The Senior Engineer vs. The Speedster: How AI Tackles Advent of Code
Every December, many developers from around the world tackle the Advent of Code challenges — a much loved tradition of daily programming puzzles, increasingly complex, ranging from warm-up exercises to complex algorithmic challenges.
This year, having early access to Gemini 3 Pro and Flash, I decided to take a totally different approach to solving these puzzles: delegate to Gemini models and run an experiment that combines the creative puzzles of Advent of Code with the power of state-of-the-art LLMs. I was curious of the results, with different models tested.
TL;DR
A Focused Goal
- use state-of-the-art models: Gemini 3 Pro Preview and Gemini 3 Flash Preview
- employ only minimalistic prompting
- give each model the same puzzle and dataset with a simple prompt, for all 12 days (different than in previous years with 2 puzzles/day now)
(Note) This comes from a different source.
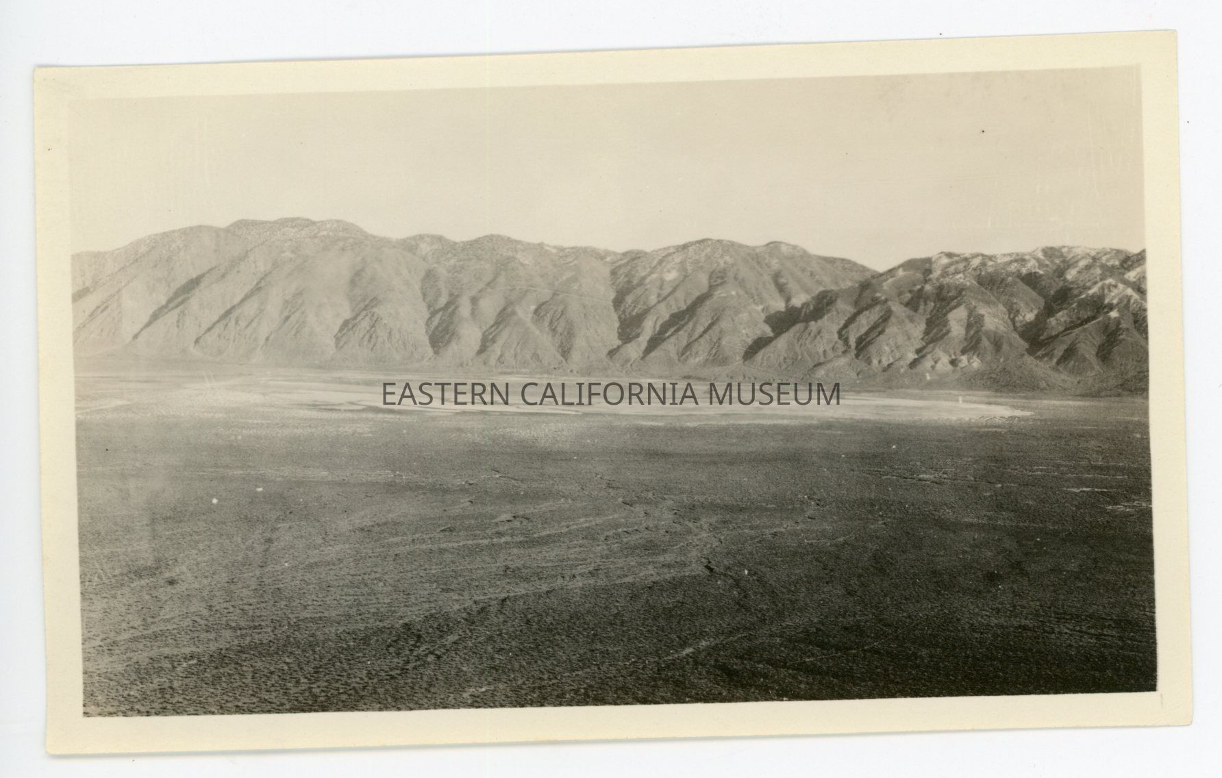 Photo taken from a high vantage point of what appears to be a dry lakebed (or just the desert landscape) and mountains. The location and date are almost certainly Deep Springs, 1925.Photograph Details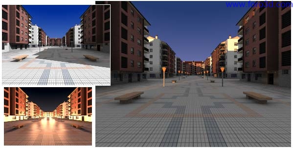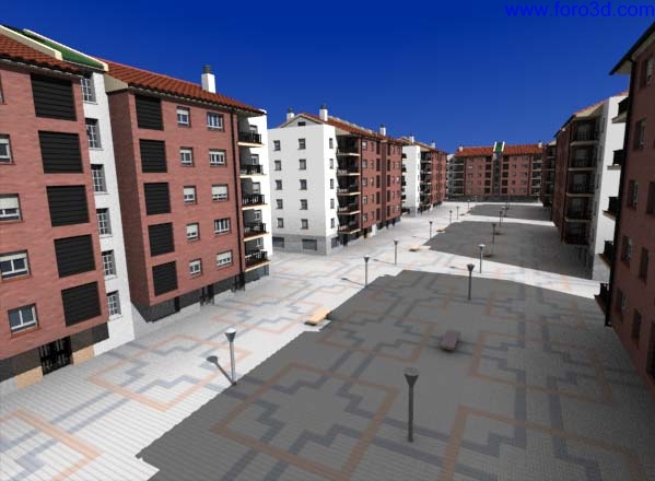 De la misma forma que hemos hecho esta escena podemos hacer todas las que queramos, ya sea a partir de esta cambiando la posición de la cámara o la iluminación, empezando desde cero insertando el bloque de pisos entero que deberá estar siempre a salvo en un archivo aparte. Los resultados pueden ser muy distintos.

- validate that each model can solve it correctly in a one-shot approach, no hints, no intervention, for all 12 days
- compare not just whether the models solve it, but how they solve it, as a follow-up
- Gemini CLI is used for working with both models
Results
- BOTH models successfully solve ALL 24 puzzles in one-shot, as I hoped they will !!!
- the results reveal some interesting differences in what I'd call "engineering maturity"
Note to the Reader
- experimenting with all puzzles is left to the reader, with even more interesting solutions in the last few puzzles
- this is not an exhaustive, complex prompting type of exercise, it is just a snapshot of what can be done with LLMs today
- why this exercise? Imagine what you can do with this exercise with optimization, human-in-the-loop, software engineering principles guidance, etc !!!

Why Advent of Code Is Great for a Personal LLM Evaluation
Before looking into the exercise, let's touch briefly on two points:
Advent of Code: Packing Serious Challenges as Personal Developer Fun
Advent of Code occupies an interesting middle ground - it's both a fun exercise and a serious programming challenge. The problems genuinely test algorithmic thinking, especially in the later days of the schedule (last days usuaaly involve graph algorithms, dynamic programming, or computational geometry).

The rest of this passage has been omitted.